As is clear from these characteristics, the characteristic A obtained by the flat cable of this embodiment causes significantly less signal attenuation in the high frequency range than the characteristic B obtained by simply wrapping the conventional shield tape. This is proven by the fact that the signal attenuation is improved even if the shielding tape is simply applied vertically as in characteristic C. This proves that the contact between the drain wire and the shield tape of the vertically attached shield tape layer is good and stable. Furthermore, it can be seen that the waveform disturbance is extremely reduced compared to characteristic C where the shield tape is simply attached vertically. In particular, waveform disturbances in the high frequency region will become a more problematic element as electronic devices such as computers become faster in the future, and the characteristic A according to the present invention is optimal in this respect.

〔Effect of the invention〕

As explained above, the flat cable of the present invention has excellent electrical properties, especially in the high frequency range, with less signal attenuation and less waveform disturbance. By integrating the vertical shield layer and the vertical shield layer, it is possible to strip them all at once, which in turn improves terminal processing performance. It has great utility as a wiring cable.

[Brief explanation of drawings]

FIG. 1 is an explanatory cross-sectional view showing one embodiment of the core constituting the flat cable of the present invention, FIG. 2 is an explanatory cross-sectional view showing one embodiment of the flat cable of the present invention, and FIG. An explanatory diagram showing an example of a device for measuring the electrical characteristics of a flat cable, FIG. 4 is a characteristic diagram comparing the characteristics of the cable of the present invention and a conventional cable measured by the device shown above, and FIG. is an explanatory diagram showing the core of a flat cable in an easy-to-understand manner;
C shows a conventional cable core.
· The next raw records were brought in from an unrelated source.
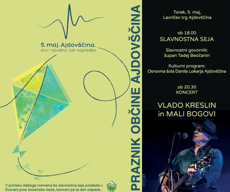 Praznično dogajanje se bo nadaljevalo tudi v večernih urah. Ob 20.30 bo sledil koncert Vlada Kreslina s skupino Mali bogovi, ki bo poskrbel za glasbeni vrhunec prazničnega dne.
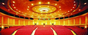 作为北京客容量最大的专业演出剧场,北展剧场的观演大厅直径达到62米,且据北展剧场官方网站,最初北展剧场是一个露天剧场,后加顶改建成室内剧场,共设有43排2763个座位。舞台面积达400余平方米,台口宽17.7米,高10米,后台共有6间演员化妆间,可供200余人同时化妆使用。剧场乐池总面积80平方米,可容纳70余人的乐队,具有符合声学要求、美观实用及延伸舞台表演区的功能。观演大厅为圆形的场地,带有木制墙面的吸音装置,这为剧场提供了天然声场效果,更突出辽阔、气派的感觉。
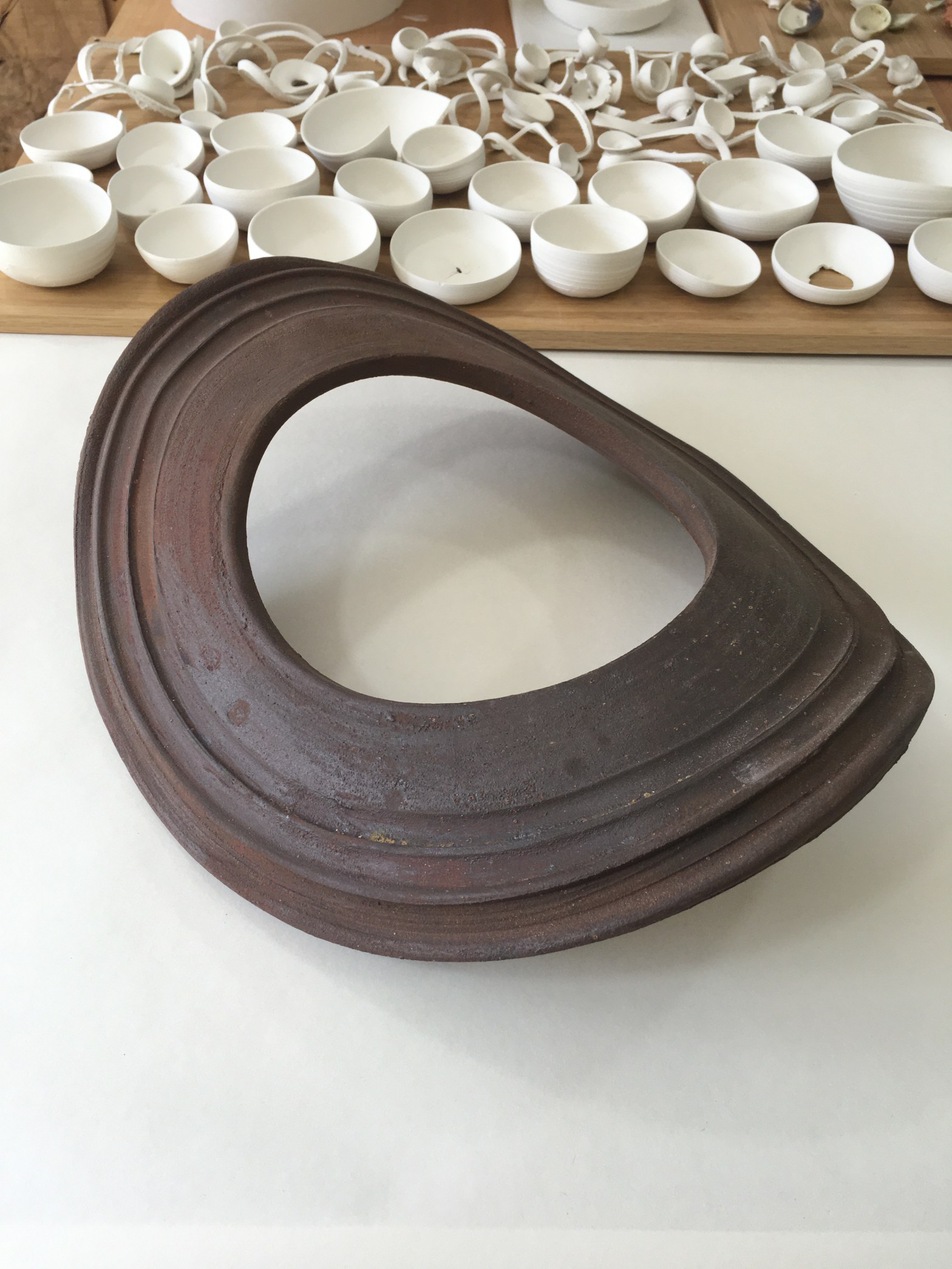 I think a lot about the visual elements of maps and how they illustrate the physical landscape. Shapes created by throwing remind me of contours and the concept of wayfinding here being that you seek your own path.
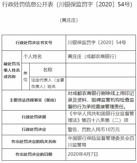 川银保监罚字〔2020〕54号显示,黄庄庄对成都农商银行删除线上用印记录及资料,阻碍监管机构检查监督的行为承担直接管理责任。根据《中华人民共和国银行业监督管理法》第四十八条第(二)项,中国银行保险监督管理委员会四川监管局对其警告,罚款人民币10万元。
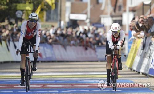 Nicole Koller, Marlen Reusser, Stefan Bissegger, Stefan Kung, Mauro Schmid at the finish of the team time trial mixed relay at the 2021 Road Cycling World Championships in Bruges, Belgium, 22 September 2021. EPA/STEPHANIE LECOCQ
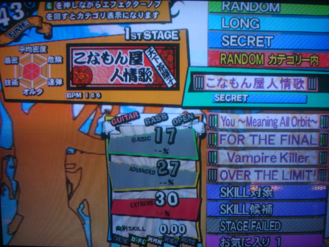 前作ボス曲「Rock to Infinity」解禁かと思いきや変わらず、そして猫叉Master遂にギタドラ参入!!しかし、アンコールってより通常隠し曲向けな気がとてもします。しかも新曲アンコール演出無いし・・・「風神雲竜伝」は何故演出が??
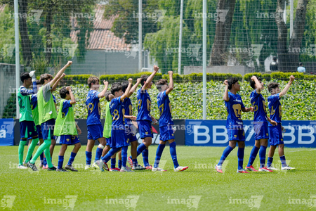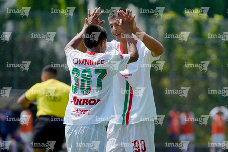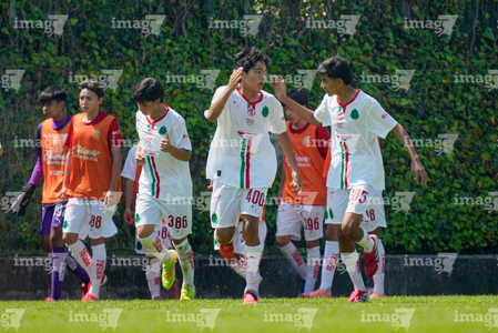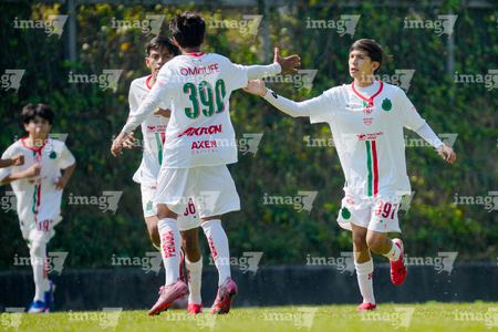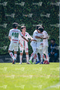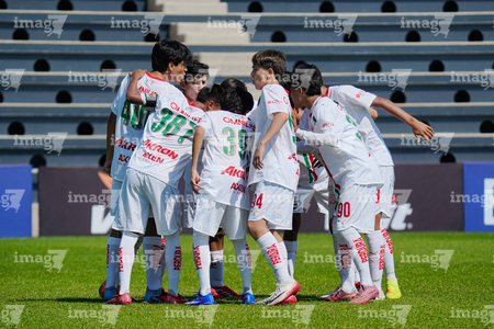 Toluca, Estado de México, 8 de abril de 2026. Jugadores de Chivas en festejo de gol , durante el partido correspondiente a los Cuartos de Final del torneo 2026 de la Liga BBVA MX categoría Sub14, entre los Pumas de la UNAM y las Chivas Rayadas del Guadalajara, realizado en las instalaciones de la Federación Mexicana de Futbol. Foto: Imago7/Daniel Arriaga
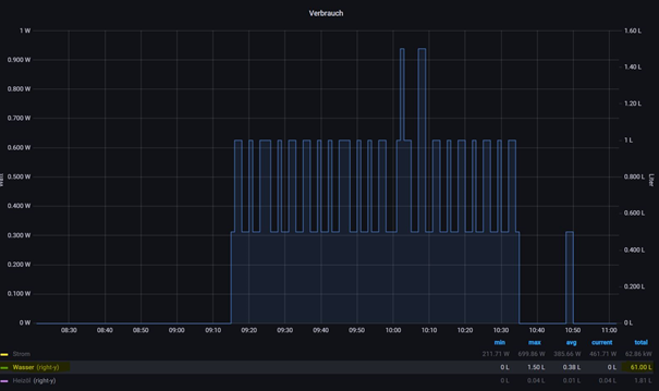 Today I noticed that our toilet cistern is leaking and it wasted ~60l for a short period of time, visible in Grafana:
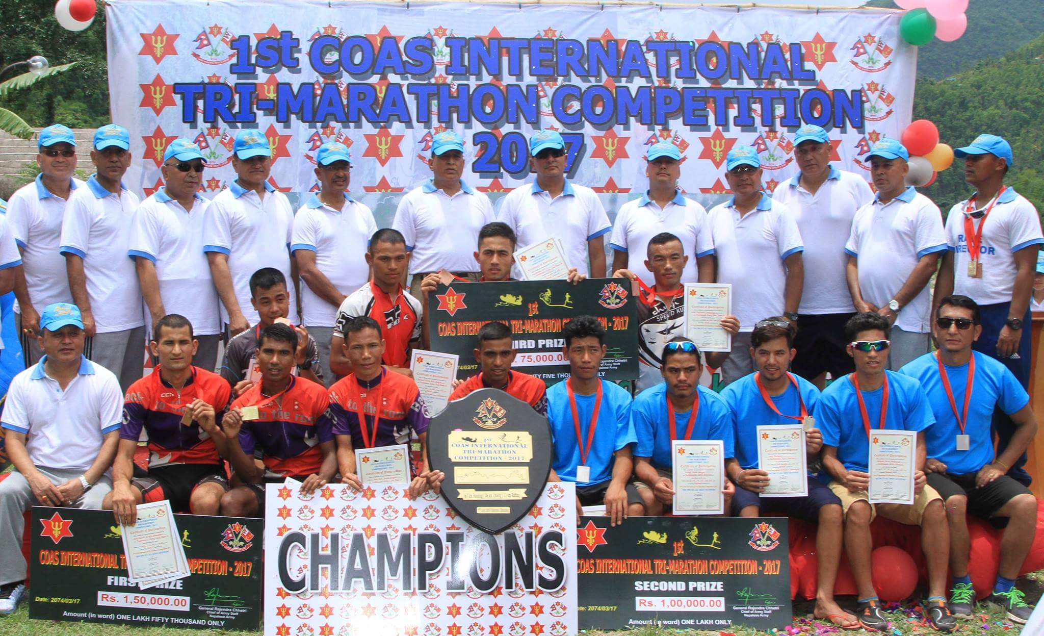 काठमाडौं(हाम्रो खेलकुद) – आयोजक नेपाली सेनाको त्रिभुवन आर्मी क्लबको टिम ‘ए’प्रथम प्रधानसेनापति अन्तर्राष्ट्रिय ट्राइ म्याराथन (रनिङ, साईक्लिङ र र्याफ्टिङ) को च्याम्पियन बनेको छ । शनिबार धादिङमा भएको प्रथम ट्राइ म्याराथनमा आयोजक आर्मीको ‘ए’ टिमले निर्धारित ४३.६ किलोमिटर दुरी २ घण्टा १८ मिनेट ०१ सेकेण्डमा पूरा गर्दै च्याम्पियन बनेको हो । ट्राइ म्याराथन धादिङको बैरेनीदेखि चरौंदीसम्म […]

In the symbols, 1 is the center conductor, 2 is the layer of highly foamed fluororesin insulation, 3 is the layer of solid fluororesin insulation,
4 is a drain wire, 5 is a vertically attached shield tape layer, 6 is a shield pressing tape layer, 7 is a vinyl jacket, 8 is an insulated conductor, and 9 is a core.

Claims (1)

[Claims] 1. An insulated conductor consisting of a central conductor, a highly foamed fluororesin insulator layer coated on its outer periphery by extrusion, and a solid fluororesin insulator layer coated on its outer periphery, and an insulated conductor that is longitudinally attached to at least one side of the insulated conductor. A plurality of cores each consisting of a drain wire, a shielding tape layer vertically attached to the outer periphery of the drain wire, a pressing tape layer wound around the outer periphery of the drain wire, and a thermoplastic resin jacket extruded and coated on the outermost periphery. The vertically attached shield tape layer consists of a metal tape, a reinforcing polyester tape, and a surface of the polyester tape. Furthermore, a coating layer is provided on the tape surface of the press-wound tape layer, and each of the coating layers is melted by the heat when covering the jacket, and the longitudinally applied shield tape layer is A flat cable characterized in that the pressure tape layer and the jacket are fused and integrated.